_Work instruction_: Output exactly, in the material below, the lines from the one with "Engagement photography pricing" through the one with "ayrıştırılarak kamyonlara yüklendi.". Omit all pictures.
Segment Start: Data for analysis
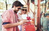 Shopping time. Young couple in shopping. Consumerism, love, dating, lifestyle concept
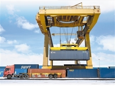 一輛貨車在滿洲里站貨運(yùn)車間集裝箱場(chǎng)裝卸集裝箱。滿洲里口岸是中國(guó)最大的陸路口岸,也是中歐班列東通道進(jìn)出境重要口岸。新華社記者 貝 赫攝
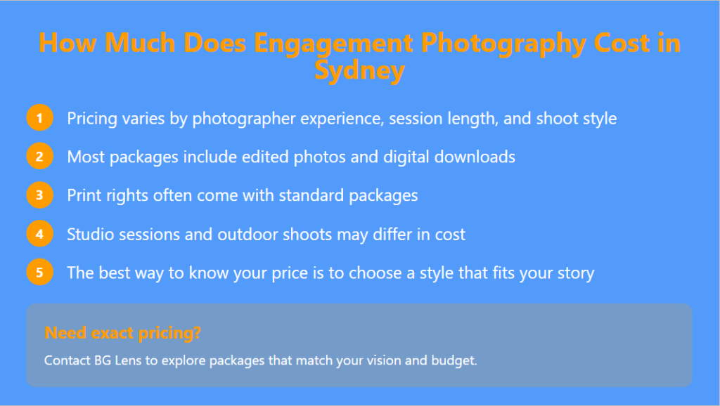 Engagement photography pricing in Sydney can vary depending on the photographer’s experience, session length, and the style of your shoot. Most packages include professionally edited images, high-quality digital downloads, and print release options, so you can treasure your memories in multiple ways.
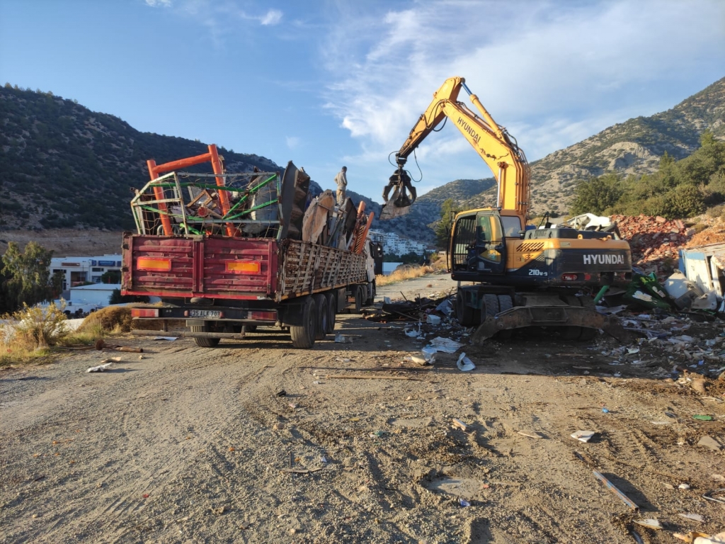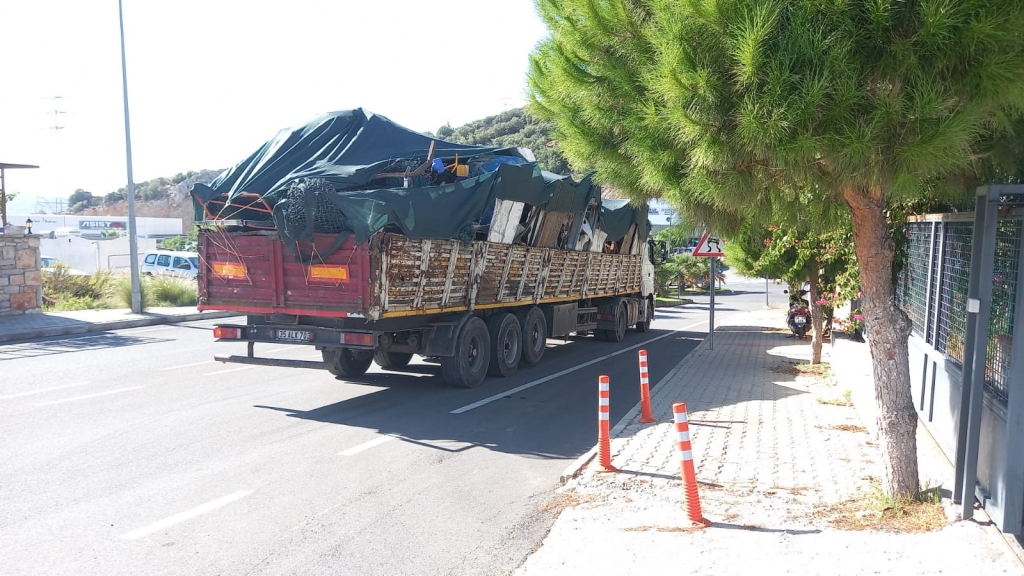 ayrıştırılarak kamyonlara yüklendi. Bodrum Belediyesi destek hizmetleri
Segment End: Data for analysis
Segment Start: Data for analysis
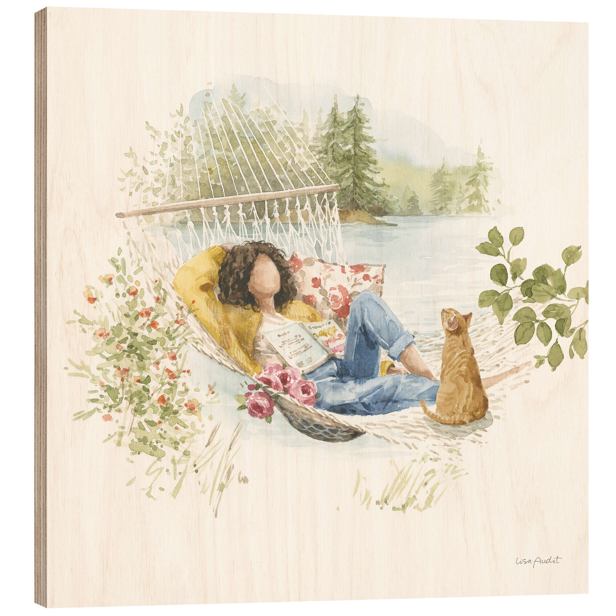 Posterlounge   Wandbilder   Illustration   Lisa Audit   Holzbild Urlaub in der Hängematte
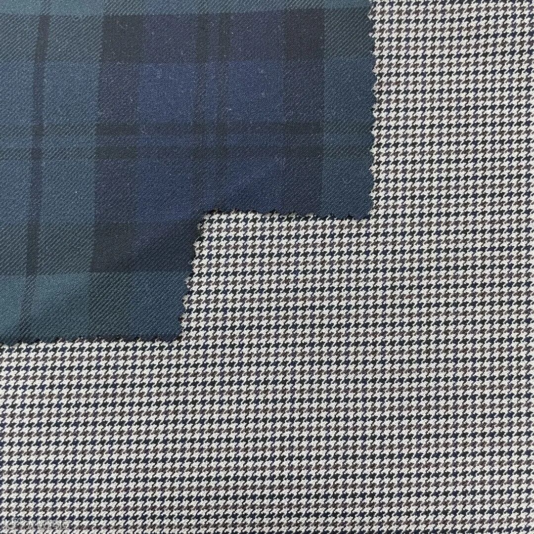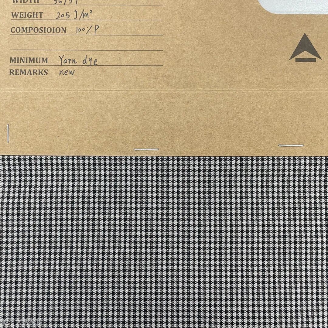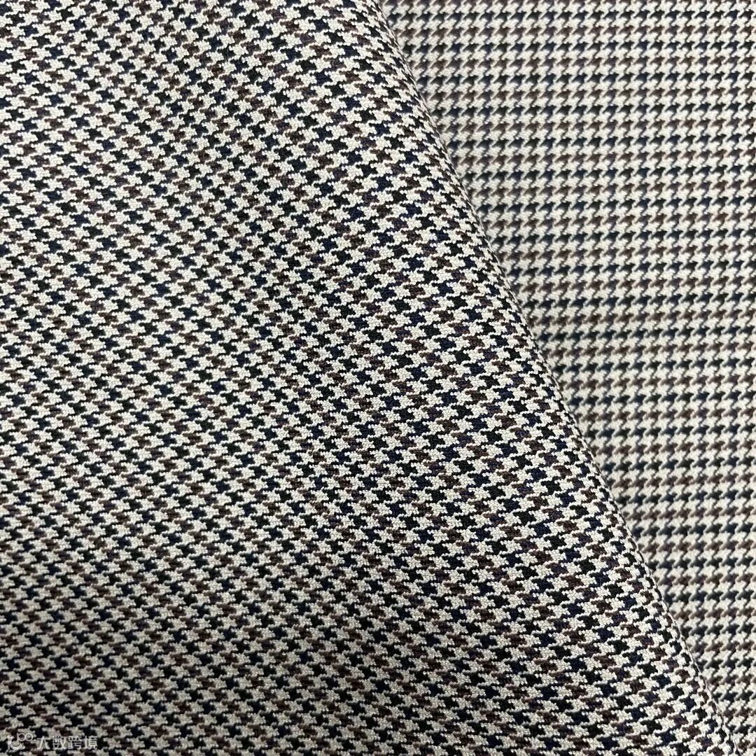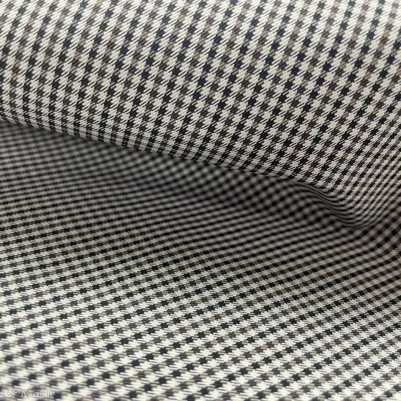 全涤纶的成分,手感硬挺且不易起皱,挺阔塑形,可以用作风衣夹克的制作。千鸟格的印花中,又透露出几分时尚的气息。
Segment End: Data for analysis
_Solution for this exercise_:
 Engagement photography pricing in Sydney can vary depending on the photographer’s experience, session length, and the style of your shoot. Most packages include professionally edited images, high-quality digital downloads, and print release options, so you can treasure your memories in multiple ways.
 ayrıştırılarak kamyonlara yüklendi. Bodrum Belediyesi destek hizmetleri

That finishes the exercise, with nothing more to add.